Exercise directions. Of the lines in the material below, print only those from the one containing "既設と同じ3面鏡仕様の新しい洗面化粧台を設置しました。" to the one containing "A: Forced circulation", ends included, exactly as written and without pictures.

Extracted data.
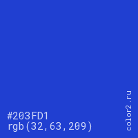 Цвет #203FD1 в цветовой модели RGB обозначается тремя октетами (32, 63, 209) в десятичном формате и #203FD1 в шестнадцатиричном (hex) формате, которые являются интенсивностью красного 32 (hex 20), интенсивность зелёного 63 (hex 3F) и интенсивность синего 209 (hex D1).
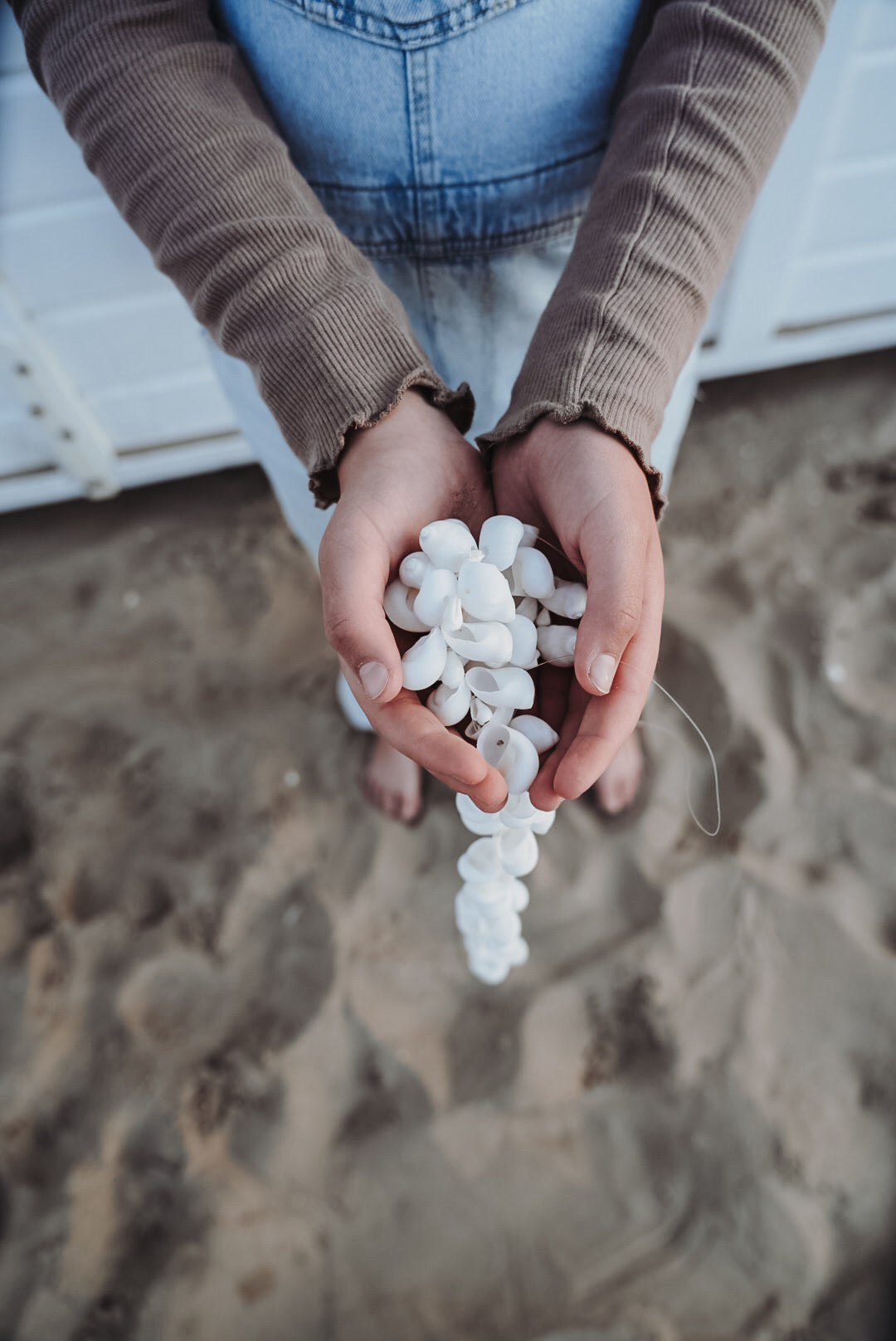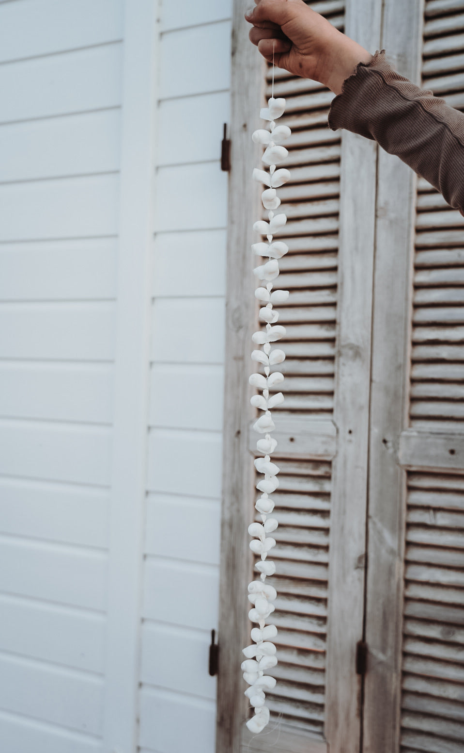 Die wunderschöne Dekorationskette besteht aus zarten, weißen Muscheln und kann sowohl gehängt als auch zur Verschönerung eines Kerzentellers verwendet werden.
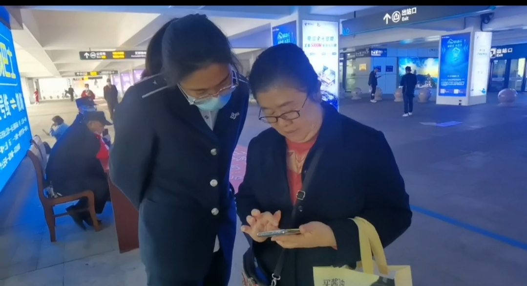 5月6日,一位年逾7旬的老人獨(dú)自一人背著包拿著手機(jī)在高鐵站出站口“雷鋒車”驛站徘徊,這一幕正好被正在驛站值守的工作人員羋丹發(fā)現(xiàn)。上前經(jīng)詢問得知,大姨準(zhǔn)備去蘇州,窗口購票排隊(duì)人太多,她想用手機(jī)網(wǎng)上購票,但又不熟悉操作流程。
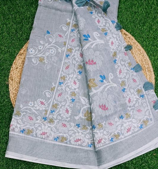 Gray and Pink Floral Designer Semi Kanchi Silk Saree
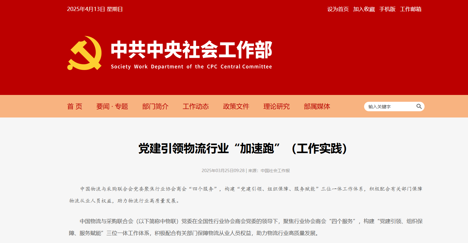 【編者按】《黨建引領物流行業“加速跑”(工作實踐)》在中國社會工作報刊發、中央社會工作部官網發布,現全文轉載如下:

--

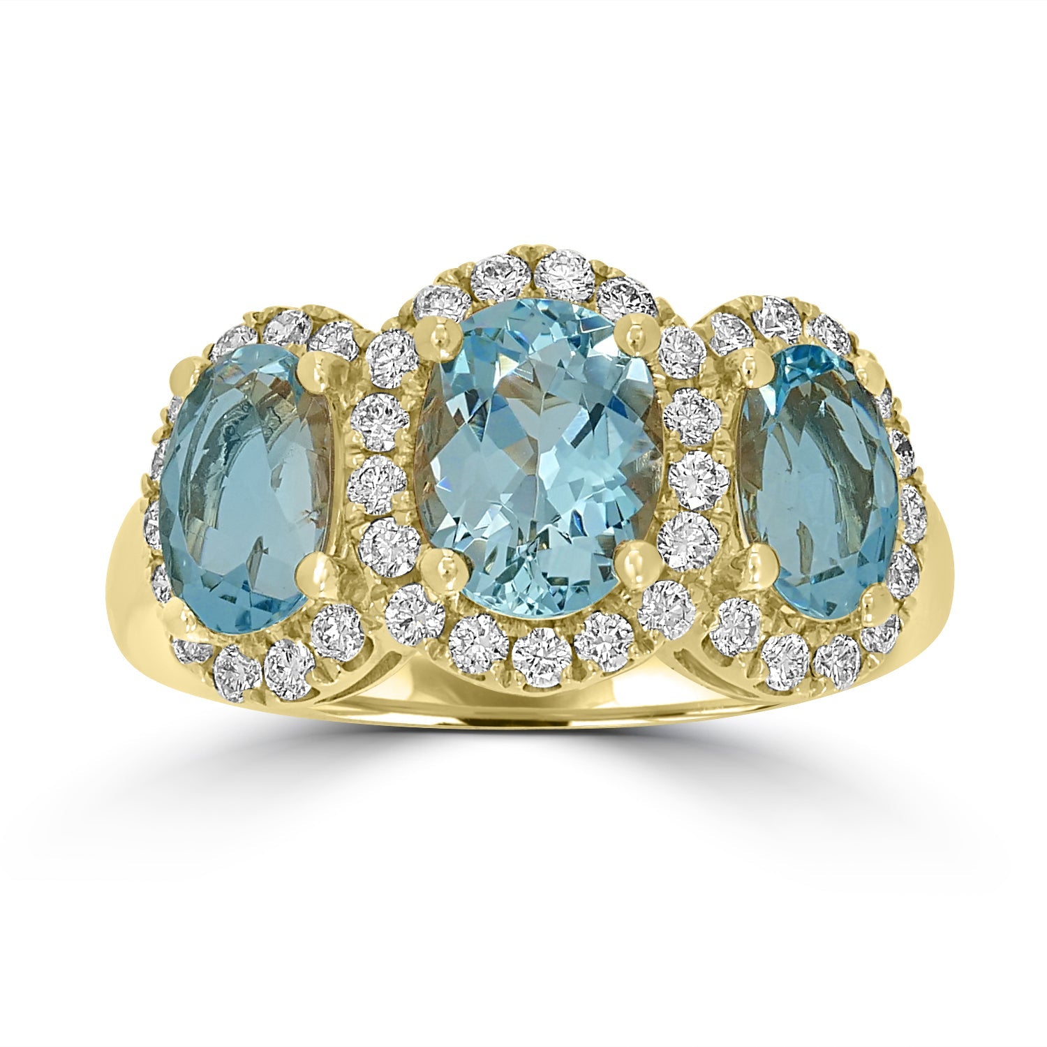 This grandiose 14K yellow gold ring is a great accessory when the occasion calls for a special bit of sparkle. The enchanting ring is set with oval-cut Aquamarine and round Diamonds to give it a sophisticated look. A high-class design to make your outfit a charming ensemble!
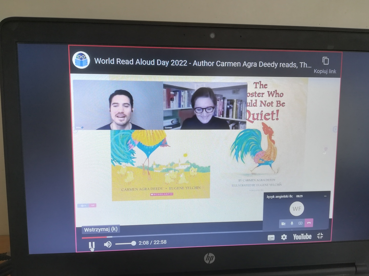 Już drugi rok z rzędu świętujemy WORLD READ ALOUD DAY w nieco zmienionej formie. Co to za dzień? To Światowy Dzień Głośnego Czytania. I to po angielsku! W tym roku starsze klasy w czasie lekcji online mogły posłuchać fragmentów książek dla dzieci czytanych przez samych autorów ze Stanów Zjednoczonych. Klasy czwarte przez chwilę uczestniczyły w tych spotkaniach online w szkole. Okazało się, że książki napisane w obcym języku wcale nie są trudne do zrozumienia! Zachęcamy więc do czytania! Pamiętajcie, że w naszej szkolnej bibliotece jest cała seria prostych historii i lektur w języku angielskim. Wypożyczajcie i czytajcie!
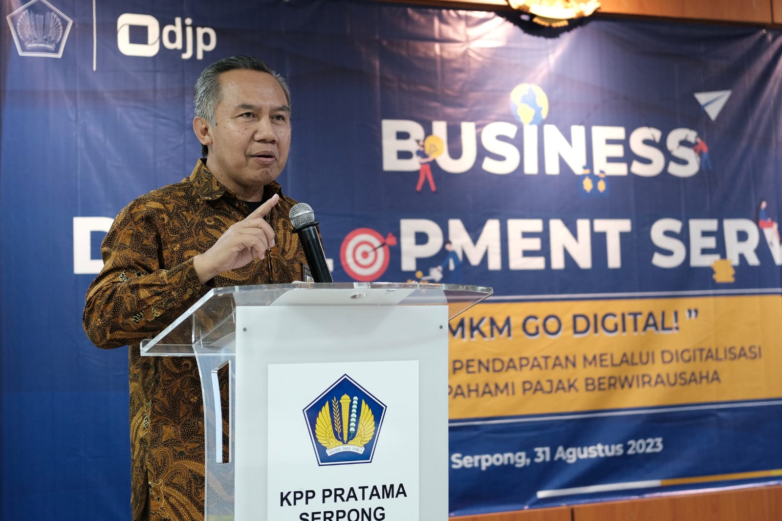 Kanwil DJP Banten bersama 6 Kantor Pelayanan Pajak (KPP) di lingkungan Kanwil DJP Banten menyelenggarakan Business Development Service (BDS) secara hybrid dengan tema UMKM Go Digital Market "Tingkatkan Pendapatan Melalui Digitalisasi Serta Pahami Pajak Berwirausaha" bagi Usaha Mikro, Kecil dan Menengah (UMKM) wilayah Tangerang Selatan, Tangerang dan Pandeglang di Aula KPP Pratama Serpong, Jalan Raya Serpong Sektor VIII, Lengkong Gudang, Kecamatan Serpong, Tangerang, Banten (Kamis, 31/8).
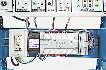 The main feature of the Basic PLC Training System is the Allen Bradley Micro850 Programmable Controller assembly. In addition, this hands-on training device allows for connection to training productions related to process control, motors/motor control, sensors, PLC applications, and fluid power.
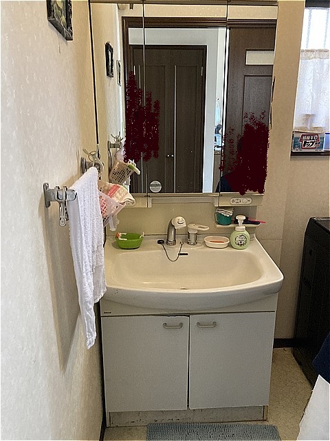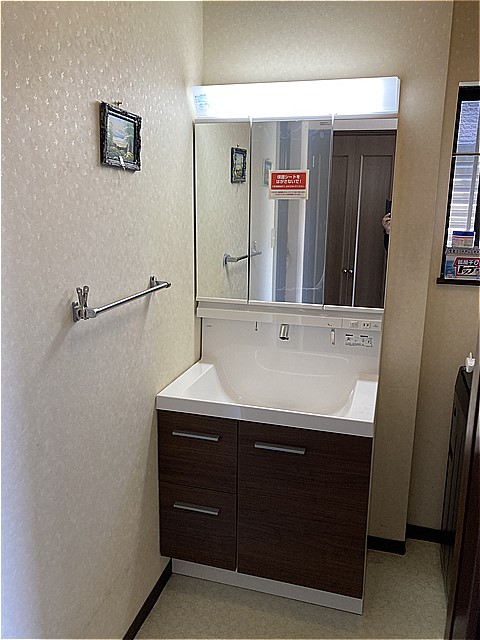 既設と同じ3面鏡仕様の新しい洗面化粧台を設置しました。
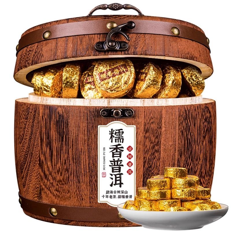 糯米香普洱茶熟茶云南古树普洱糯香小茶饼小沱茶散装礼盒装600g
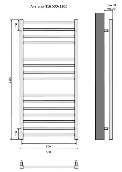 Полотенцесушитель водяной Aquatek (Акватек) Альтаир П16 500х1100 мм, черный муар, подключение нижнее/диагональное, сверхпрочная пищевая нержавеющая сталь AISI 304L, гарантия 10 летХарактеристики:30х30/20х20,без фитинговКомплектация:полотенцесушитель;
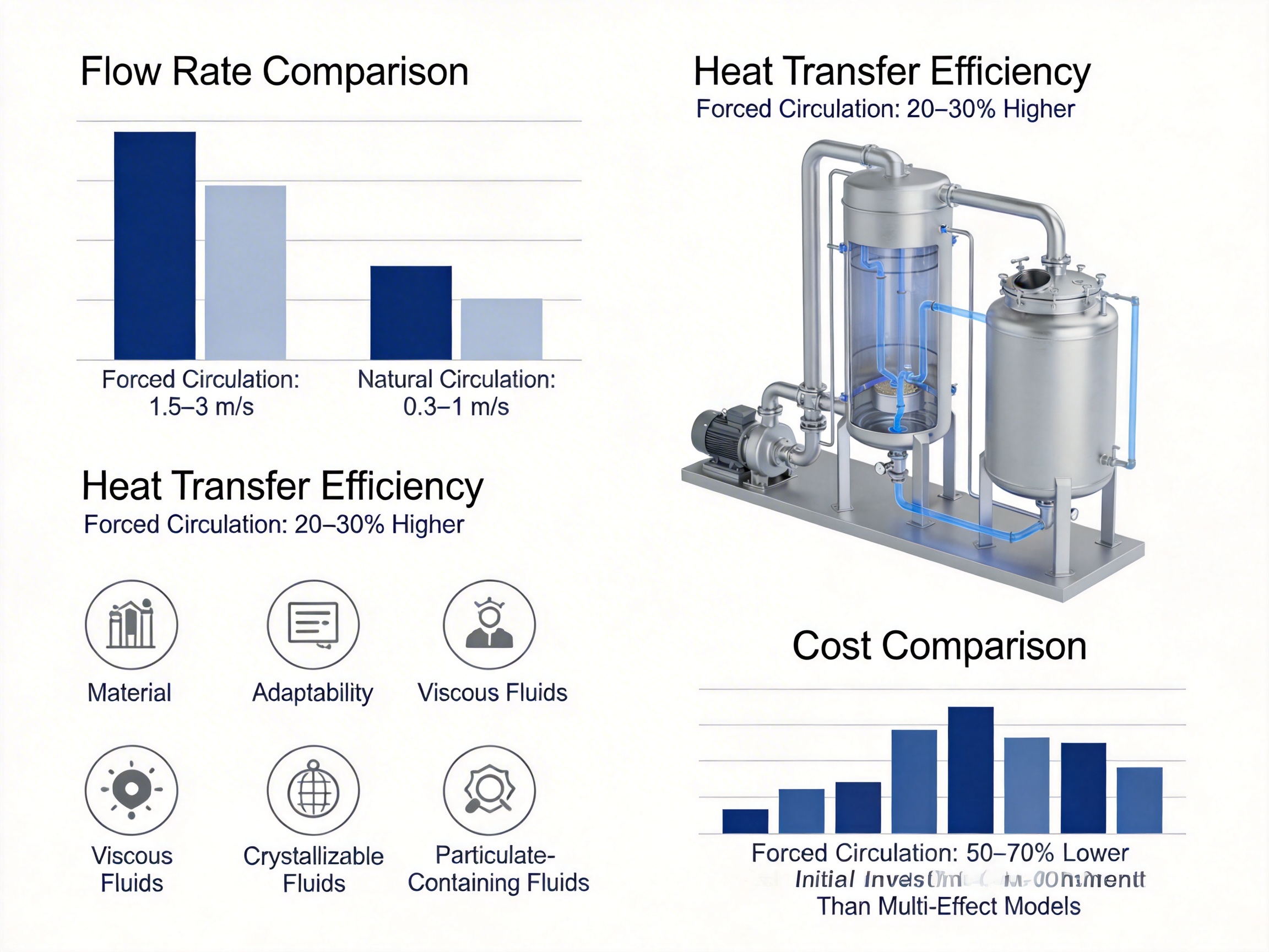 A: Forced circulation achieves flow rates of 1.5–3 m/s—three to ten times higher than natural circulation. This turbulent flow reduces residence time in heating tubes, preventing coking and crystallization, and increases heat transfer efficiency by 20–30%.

Response to the task.
 既設と同じ3面鏡仕様の新しい洗面化粧台を設置しました。
 糯米香普洱茶熟茶云南古树普洱糯香小茶饼小沱茶散装礼盒装600g
 Полотенцесушитель водяной Aquatek (Акватек) Альтаир П16 500х1100 мм, черный муар, подключение нижнее/диагональное, сверхпрочная пищевая нержавеющая сталь AISI 304L, гарантия 10 летХарактеристики:30х30/20х20,без фитинговКомплектация:полотенцесушитель;
 A: Forced circulation achieves flow rates of 1.5–3 m/s—three to ten times higher than natural circulation. This turbulent flow reduces residence time in heating tubes, preventing coking and crystallization, and increases heat transfer efficiency by 20–30%.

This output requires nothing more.